L’«erto muro» del v. 10 è il confine insuperabile che separa l’io lirico – prigioniero di un’esistenza che è tormento («rovello») – e il “tu” che, invitato a procedere (non è chiaro se all’interno del pomario o al di fuori di esso), può imbattersi in un salvifico «fantasma», un’apparizione misteriosa e miracolosa che, come il vento dell’incipit, può rappresentare una via di fuga dalla prigionia esistenziale e una possibilità diversa di vita.
I versi finali della terza strofa sembrano suggerire che la salvezza è quella degli eventi che il presente, mutanto continuamente, cancella dalla memoria per dar luogo al futuro.
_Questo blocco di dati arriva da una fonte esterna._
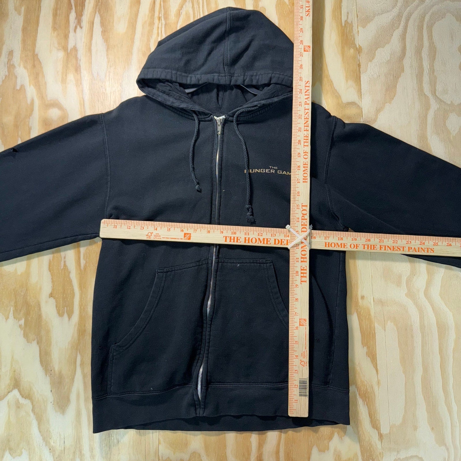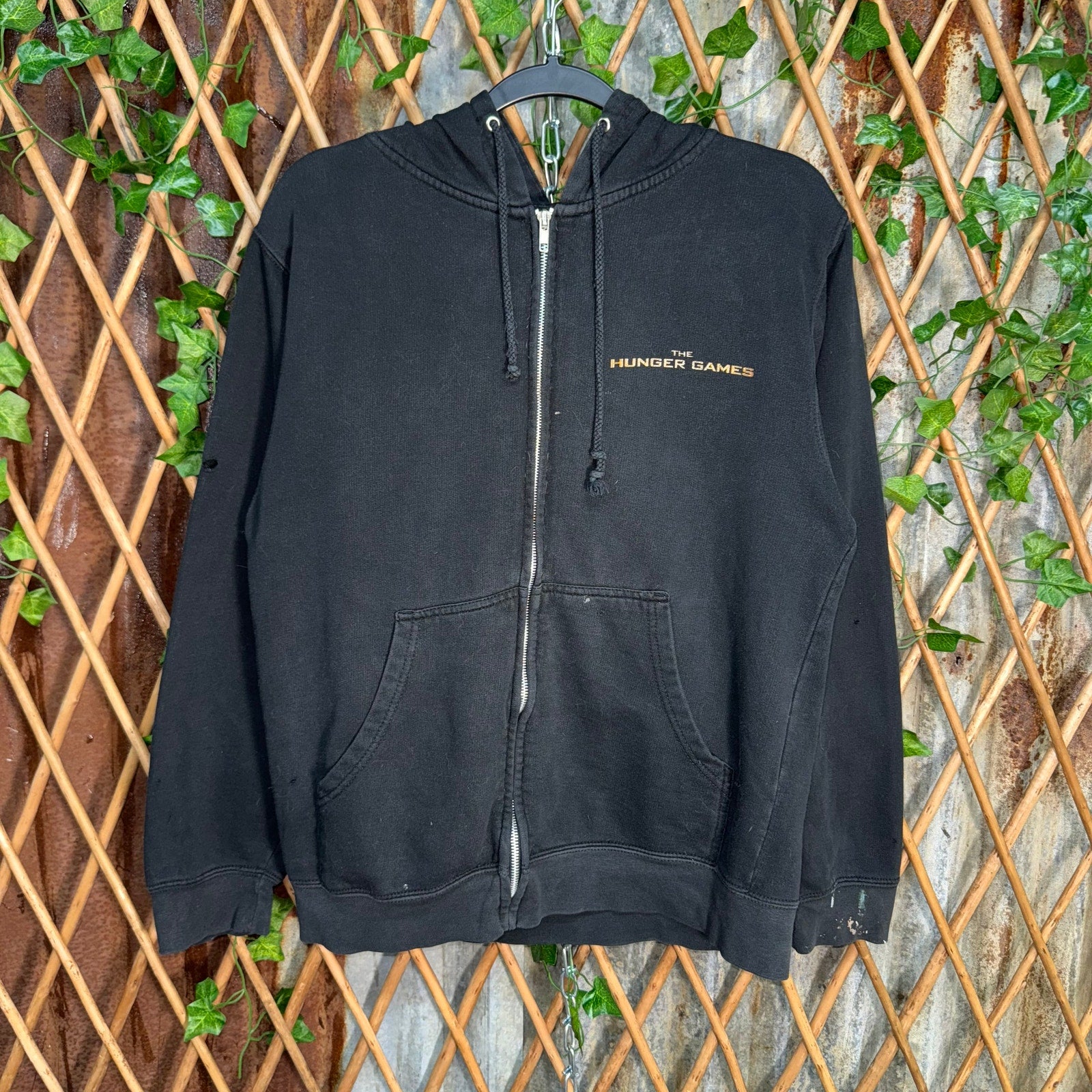 Vintage / Y2K the hunger, games movie promo front and back hit double-sided multiple graphic paint splatter distressed, faded, sick piece essential Katniss Everdeen, peeta mellark faded black zip up hoodie women’s/femme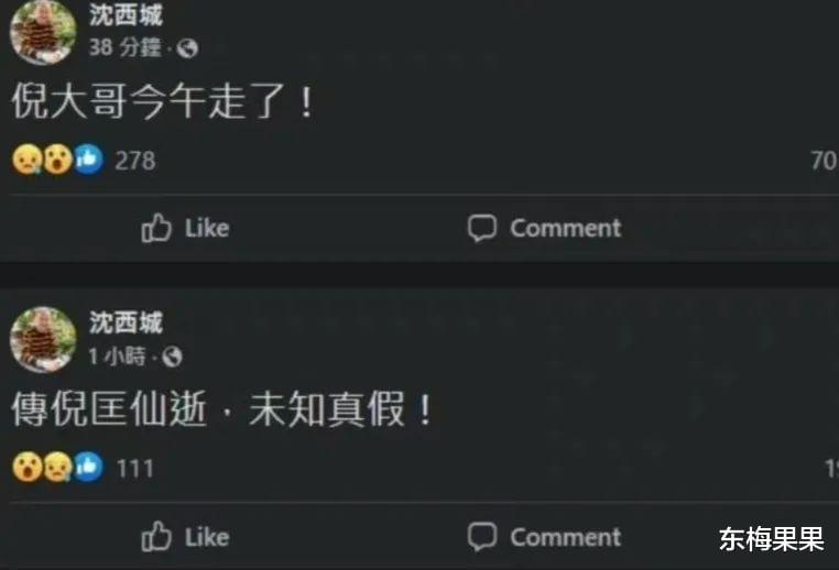 开始是作家沈西城在脸书上发文,说“倪匡仙逝,未知真假。”过了半小时后再发文,才确认倪匡确实于昨日下午三点,在家中去世。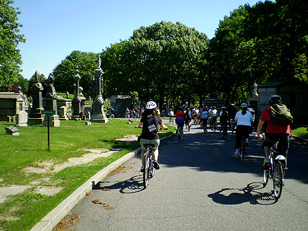 At 18 miles, the length of the tour has been kept constant each year but the route itself keeps changing. And this year was no different. While we were disappointed not being able to ride through Prospect Park, we were in for a bit of a treat ahead. After leaving behind Crown Heights and passing through the somewhat rough neighbourhoods of East New York & Broadway Junction, we turned into the Cemetery of the Evergreens.
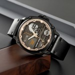 Завдяки водонепроникності до 30 метрів, ви можете носити його безтурботно в повсякденному житті. Мініральне скло захищає циферблат, на якому зображені арабські цифри та точки для зручності читання. Годинник працює на кварцевому механізмі та має індикацію годин, хвилин і секунд.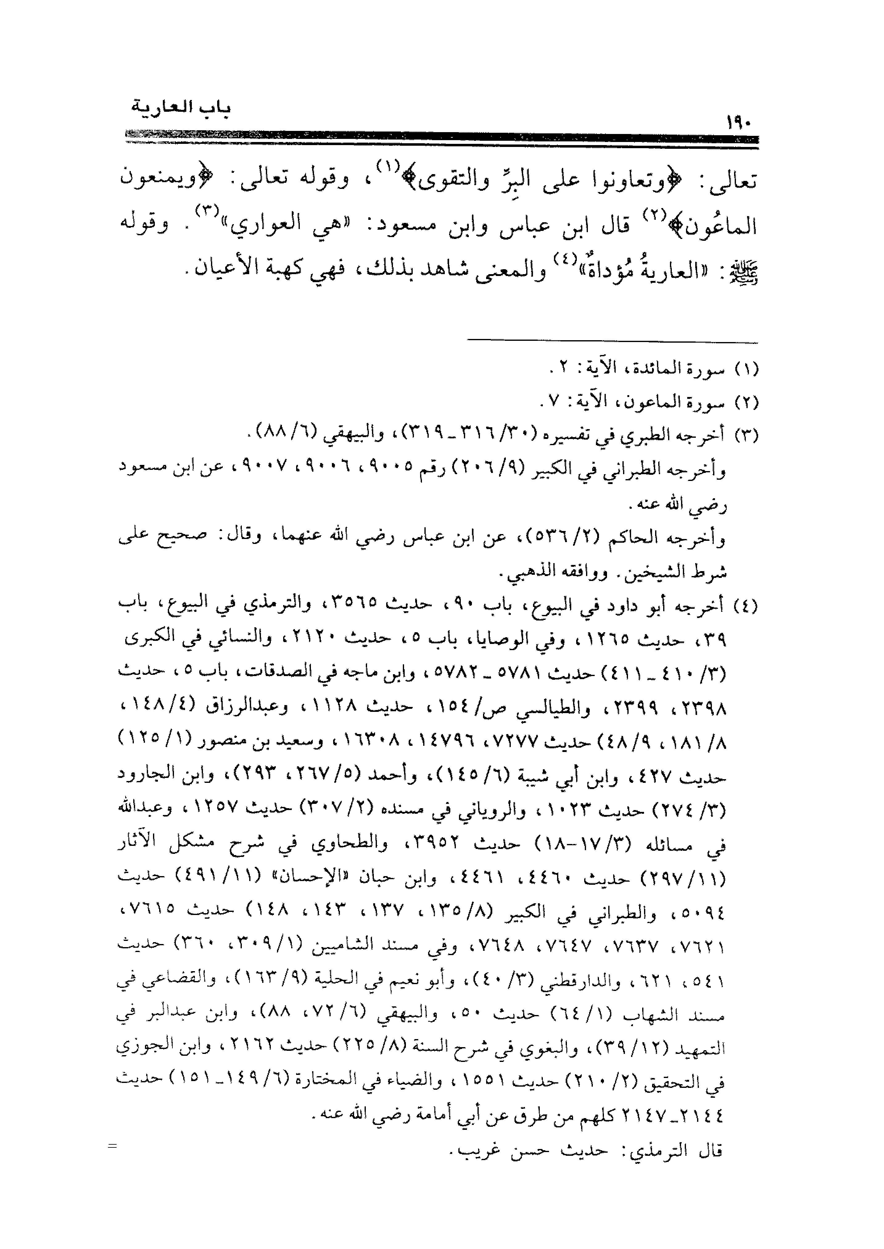 تعالى: {وتعاونوا على البِرِّ والتقوى} (¬١)، وقوله تعالى: {ويمنعون الماعُون} (¬٢) قال ابن عباس وابن مسعود: "هي العواري" (¬٣). وقوله - صلى الله عليه وسلم -: "العاريةُ مُؤداةٌ" (¬٤) والمعنى شاهد بذلك، فهي كهبة الأعيان.

La «maglia rotta nella rotta» che l’interlocutore del poeta invita a cercare è paragonabile allo «sbaglio di Natura», al «punto morto del mondo», a «l’anello che non tiene», al «filo da disbrogliare» che, nella poesia successiva I limoni, sono immagini di “errori”, “rotture”, “meccanismi inceppati” che sembrano offrire il segreto ultimo delle cose e dell’esistenza. Si tratta di “epifanie”, attraverso le quali oggetti o fatti si caricano di significati profondi.
Se il “tu” a cui il poeta si rivolge riuscirà a fuggire, egli, pur rimanendo prigioniero, sarà sollevato («la sete / mi sarà lieve», vv. 17-18) e l’insofferenza di vivere un’esistenza tormentata risulterà alleggerita («meno acre la ruggine…», v. 18).